<<<<
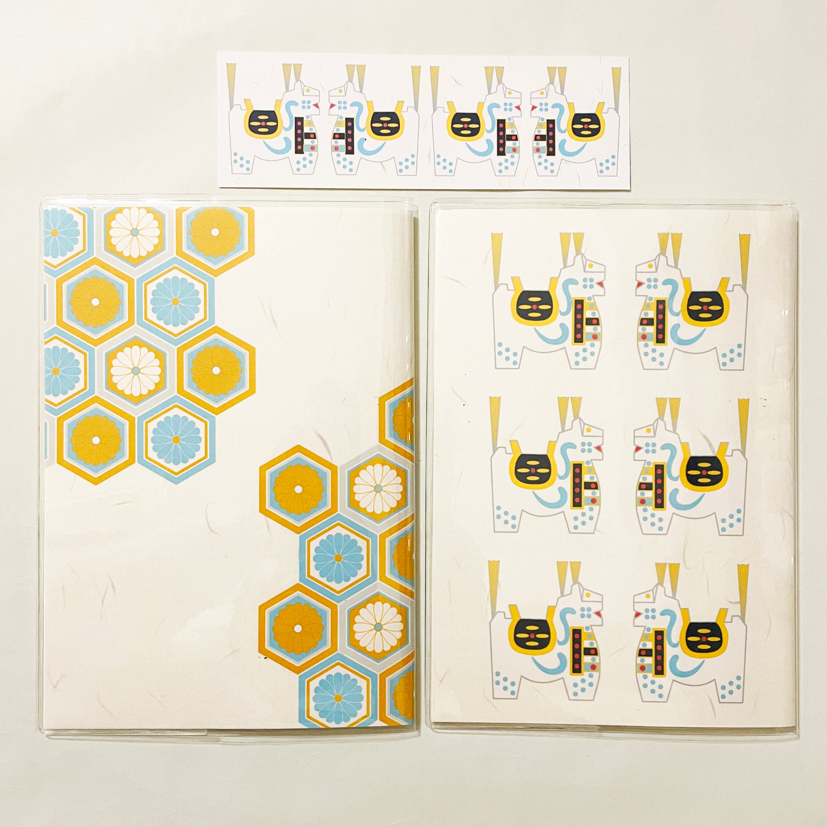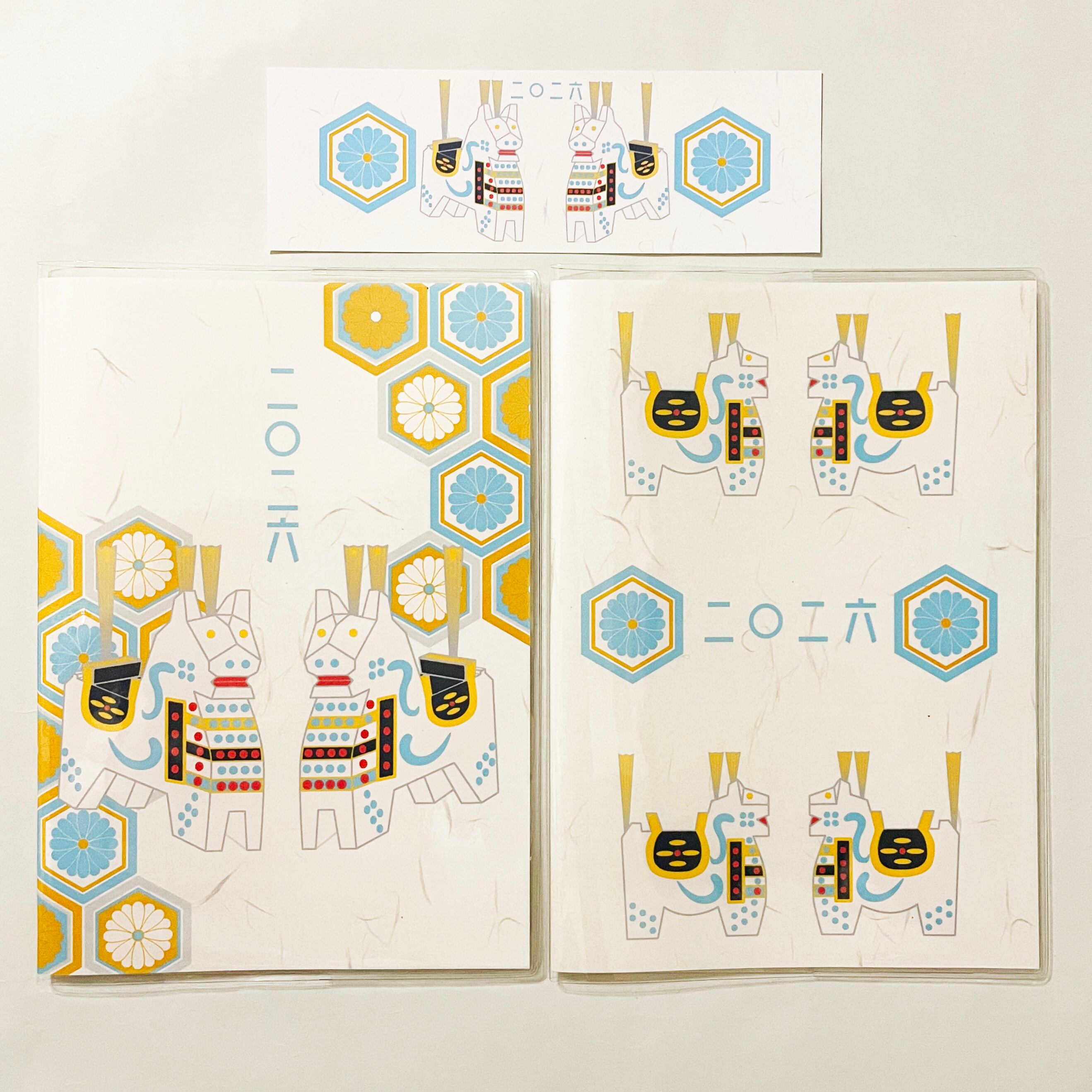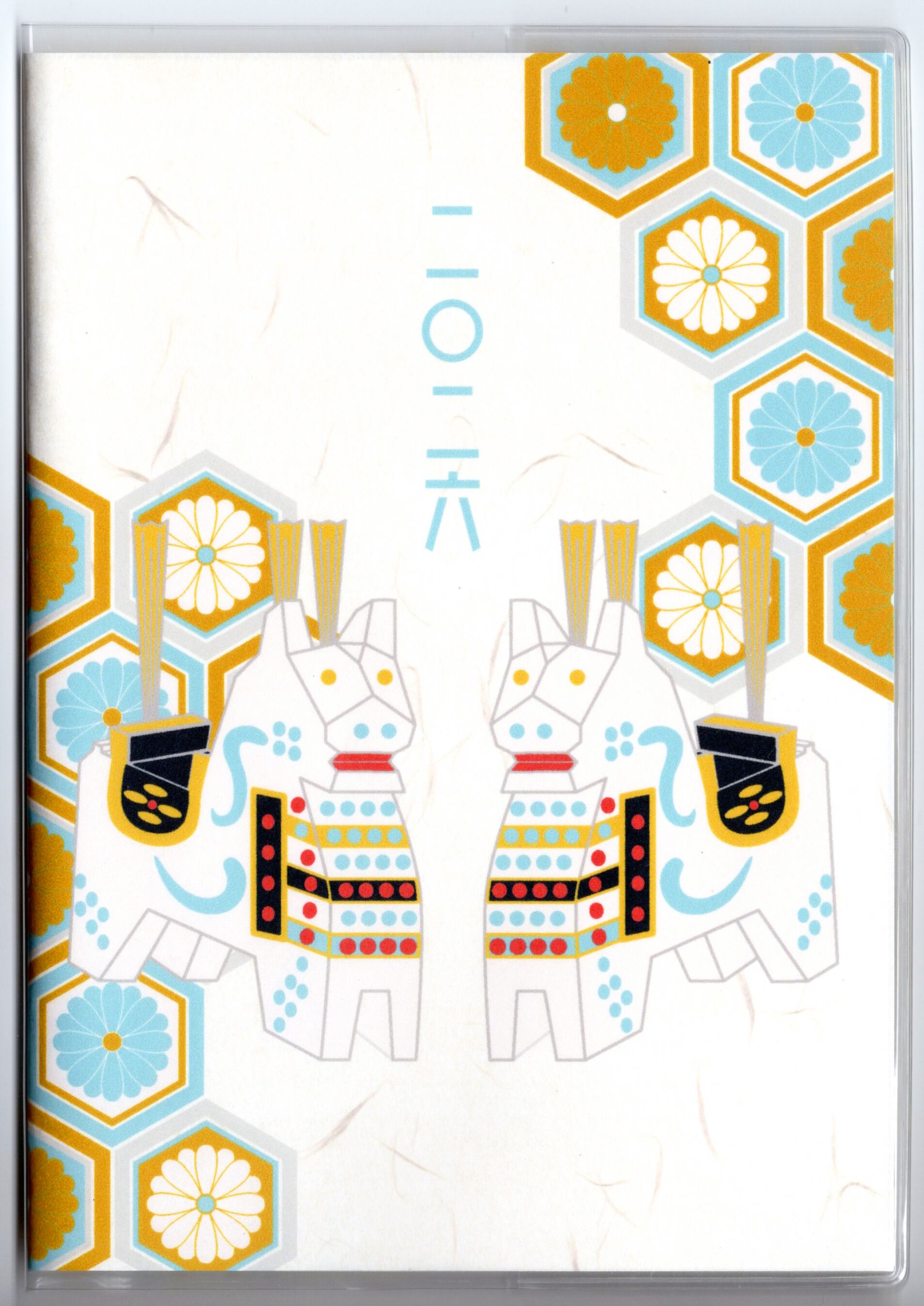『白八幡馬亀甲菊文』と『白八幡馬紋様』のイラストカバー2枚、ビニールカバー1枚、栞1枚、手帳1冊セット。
>>>>
<<<<
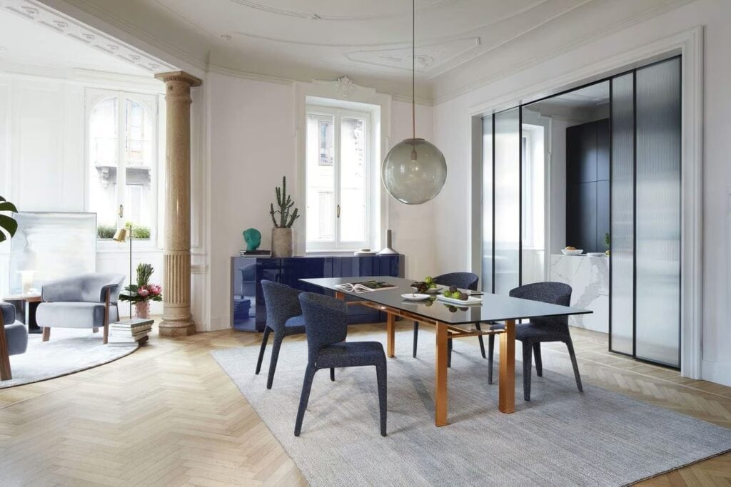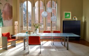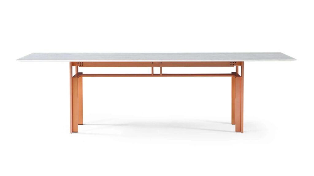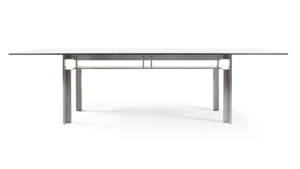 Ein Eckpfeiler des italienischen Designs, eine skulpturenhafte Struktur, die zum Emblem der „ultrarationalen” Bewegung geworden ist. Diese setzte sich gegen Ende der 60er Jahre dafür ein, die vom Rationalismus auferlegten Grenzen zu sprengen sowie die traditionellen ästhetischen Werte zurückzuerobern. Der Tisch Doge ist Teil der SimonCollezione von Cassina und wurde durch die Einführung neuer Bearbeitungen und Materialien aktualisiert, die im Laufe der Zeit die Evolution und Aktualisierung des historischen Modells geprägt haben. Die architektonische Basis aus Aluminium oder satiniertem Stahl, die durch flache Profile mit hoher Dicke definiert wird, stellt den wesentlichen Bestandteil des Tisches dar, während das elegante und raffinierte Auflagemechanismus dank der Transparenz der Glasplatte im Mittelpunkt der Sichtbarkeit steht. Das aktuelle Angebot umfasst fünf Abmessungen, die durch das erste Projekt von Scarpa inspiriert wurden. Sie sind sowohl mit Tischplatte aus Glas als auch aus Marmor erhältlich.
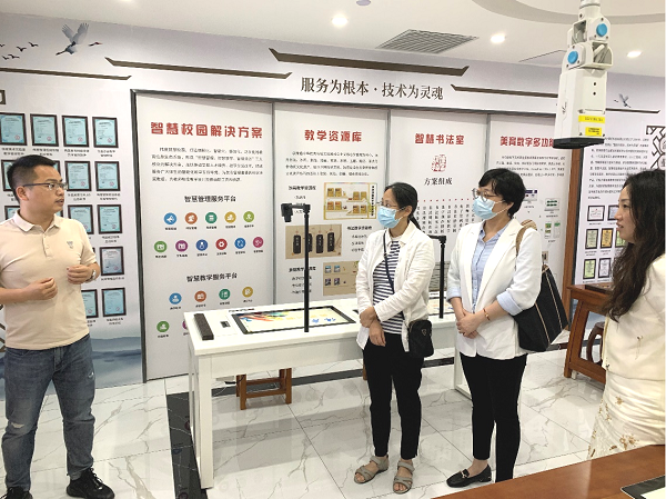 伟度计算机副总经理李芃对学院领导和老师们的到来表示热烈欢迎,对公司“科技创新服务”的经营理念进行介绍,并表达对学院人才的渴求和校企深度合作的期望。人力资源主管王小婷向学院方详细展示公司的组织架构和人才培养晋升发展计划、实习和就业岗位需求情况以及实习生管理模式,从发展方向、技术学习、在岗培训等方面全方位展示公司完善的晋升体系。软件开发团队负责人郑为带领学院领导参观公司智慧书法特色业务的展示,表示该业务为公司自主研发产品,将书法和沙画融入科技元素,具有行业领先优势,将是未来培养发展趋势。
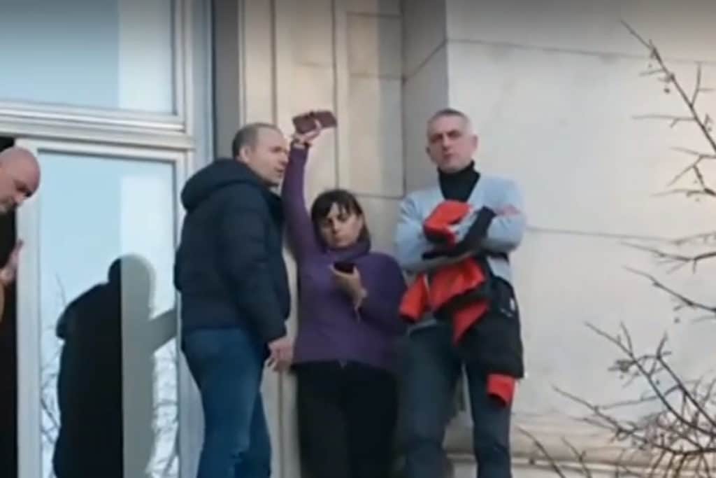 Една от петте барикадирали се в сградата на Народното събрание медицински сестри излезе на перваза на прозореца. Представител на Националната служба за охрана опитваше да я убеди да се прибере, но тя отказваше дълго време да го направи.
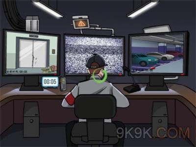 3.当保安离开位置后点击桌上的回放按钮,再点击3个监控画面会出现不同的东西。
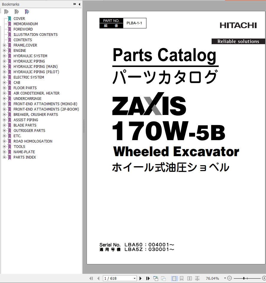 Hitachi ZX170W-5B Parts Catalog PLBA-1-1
>>>>
> To do: In the entries above, find the line containing "Една от петте" and the line containing "Hitachi ZX170W-5B Parts Catalog PLBA-1-1", then copy both and every line between them exactly, without any picture.

> Answer for the task:
 Една от петте барикадирали се в сградата на Народното събрание медицински сестри излезе на перваза на прозореца. Представител на Националната служба за охрана опитваше да я убеди да се прибере, но тя отказваше дълго време да го направи.
 3.当保安离开位置后点击桌上的回放按钮,再点击3个监控画面会出现不同的东西。
 Hitachi ZX170W-5B Parts Catalog PLBA-1-1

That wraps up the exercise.